__What you need to do__: Scan the entries for the word "einem", and copy every line where it appears.

__Working data__:
*** Block opens ***
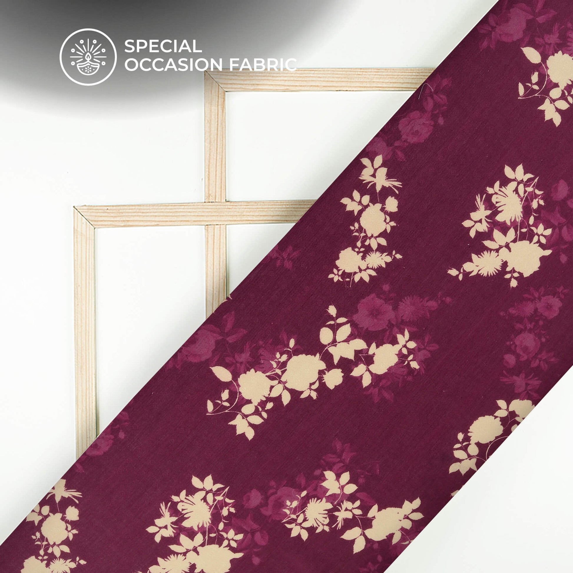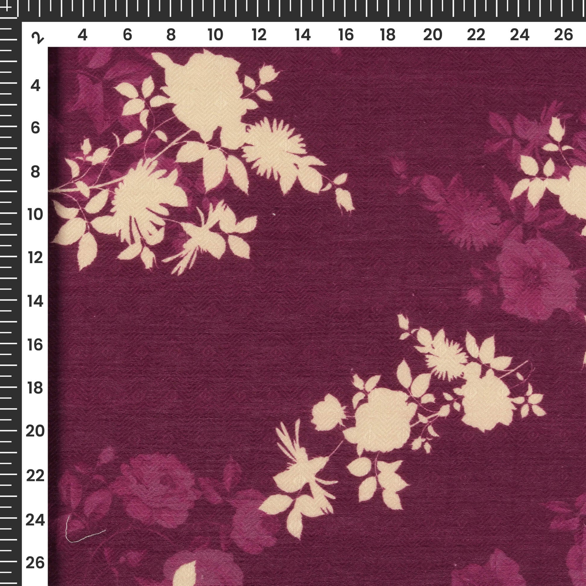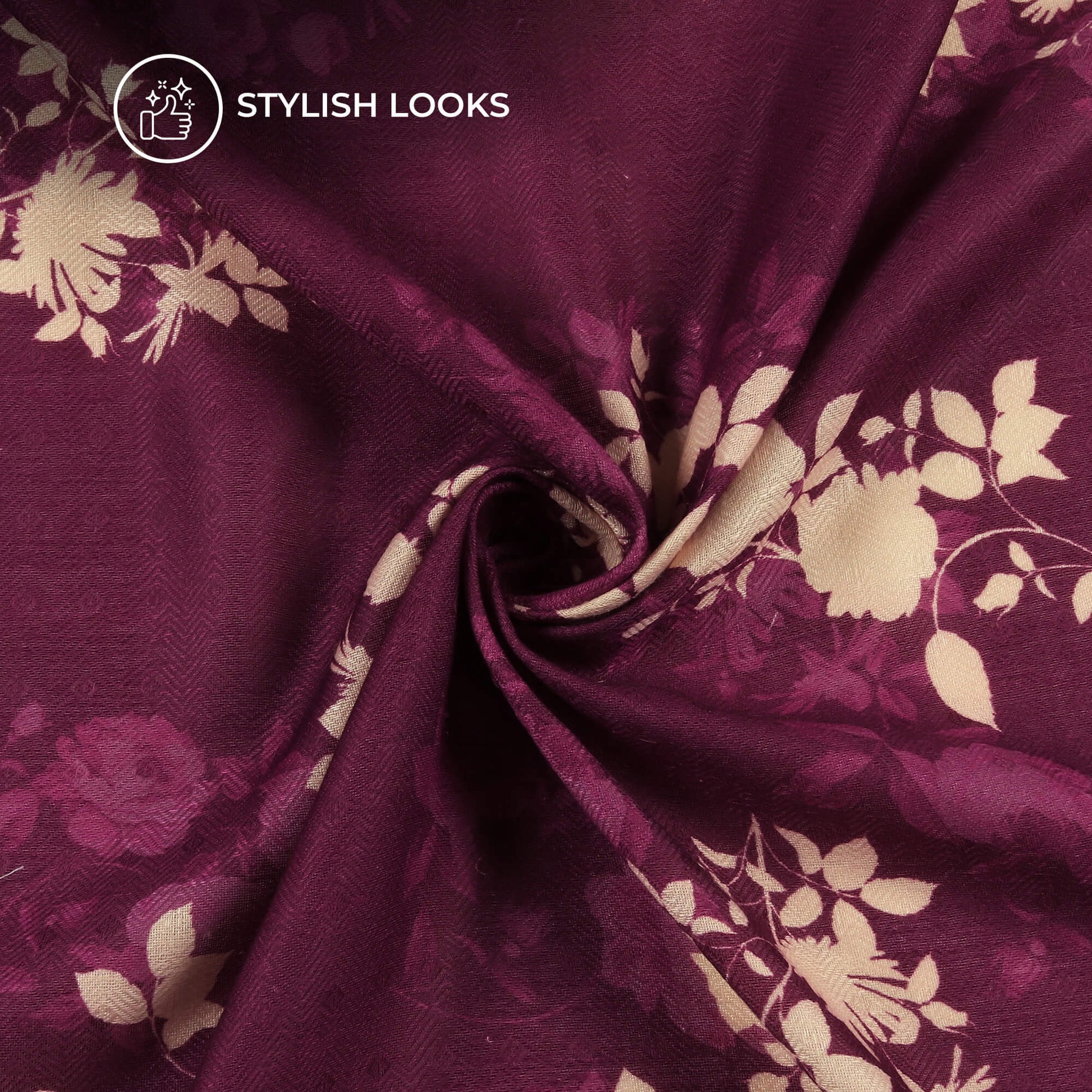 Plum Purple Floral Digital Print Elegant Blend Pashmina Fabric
*** Block closes ***
*** Block opens ***
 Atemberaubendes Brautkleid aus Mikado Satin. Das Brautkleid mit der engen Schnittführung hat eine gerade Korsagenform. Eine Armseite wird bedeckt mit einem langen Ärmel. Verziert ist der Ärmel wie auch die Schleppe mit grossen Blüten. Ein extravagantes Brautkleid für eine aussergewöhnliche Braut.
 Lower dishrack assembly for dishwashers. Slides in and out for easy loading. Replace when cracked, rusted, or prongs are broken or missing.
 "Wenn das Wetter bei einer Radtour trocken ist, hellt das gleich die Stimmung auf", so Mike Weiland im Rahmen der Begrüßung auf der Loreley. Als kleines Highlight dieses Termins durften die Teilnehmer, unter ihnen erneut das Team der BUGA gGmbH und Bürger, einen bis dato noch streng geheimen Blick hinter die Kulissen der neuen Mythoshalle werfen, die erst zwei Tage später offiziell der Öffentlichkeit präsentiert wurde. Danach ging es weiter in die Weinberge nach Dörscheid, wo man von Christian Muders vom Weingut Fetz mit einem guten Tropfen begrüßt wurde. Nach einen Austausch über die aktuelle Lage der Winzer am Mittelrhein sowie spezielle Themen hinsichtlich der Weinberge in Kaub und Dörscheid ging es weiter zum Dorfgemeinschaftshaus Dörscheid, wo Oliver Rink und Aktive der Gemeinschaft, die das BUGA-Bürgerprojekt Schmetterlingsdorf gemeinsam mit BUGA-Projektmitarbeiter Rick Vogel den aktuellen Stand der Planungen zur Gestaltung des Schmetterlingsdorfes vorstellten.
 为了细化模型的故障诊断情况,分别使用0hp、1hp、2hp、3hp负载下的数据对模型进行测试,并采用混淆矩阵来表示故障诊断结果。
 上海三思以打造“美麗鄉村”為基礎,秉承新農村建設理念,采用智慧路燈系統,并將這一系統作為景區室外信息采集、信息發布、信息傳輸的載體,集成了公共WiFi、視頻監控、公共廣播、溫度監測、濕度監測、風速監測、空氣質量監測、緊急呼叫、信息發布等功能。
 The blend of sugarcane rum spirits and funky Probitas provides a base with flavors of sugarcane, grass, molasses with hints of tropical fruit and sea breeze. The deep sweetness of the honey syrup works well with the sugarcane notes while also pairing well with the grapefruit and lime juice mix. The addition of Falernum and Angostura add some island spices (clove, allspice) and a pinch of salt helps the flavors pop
*** Block closes ***
__Response below__:
 Atemberaubendes Brautkleid aus Mikado Satin. Das Brautkleid mit der engen Schnittführung hat eine gerade Korsagenform. Eine Armseite wird bedeckt mit einem langen Ärmel. Verziert ist der Ärmel wie auch die Schleppe mit grossen Blüten. Ein extravagantes Brautkleid für eine aussergewöhnliche Braut.
 "Wenn das Wetter bei einer Radtour trocken ist, hellt das gleich die Stimmung auf", so Mike Weiland im Rahmen der Begrüßung auf der Loreley. Als kleines Highlight dieses Termins durften die Teilnehmer, unter ihnen erneut das Team der BUGA gGmbH und Bürger, einen bis dato noch streng geheimen Blick hinter die Kulissen der neuen Mythoshalle werfen, die erst zwei Tage später offiziell der Öffentlichkeit präsentiert wurde. Danach ging es weiter in die Weinberge nach Dörscheid, wo man von Christian Muders vom Weingut Fetz mit einem guten Tropfen begrüßt wurde. Nach einen Austausch über die aktuelle Lage der Winzer am Mittelrhein sowie spezielle Themen hinsichtlich der Weinberge in Kaub und Dörscheid ging es weiter zum Dorfgemeinschaftshaus Dörscheid, wo Oliver Rink und Aktive der Gemeinschaft, die das BUGA-Bürgerprojekt Schmetterlingsdorf gemeinsam mit BUGA-Projektmitarbeiter Rick Vogel den aktuellen Stand der Planungen zur Gestaltung des Schmetterlingsdorfes vorstellten.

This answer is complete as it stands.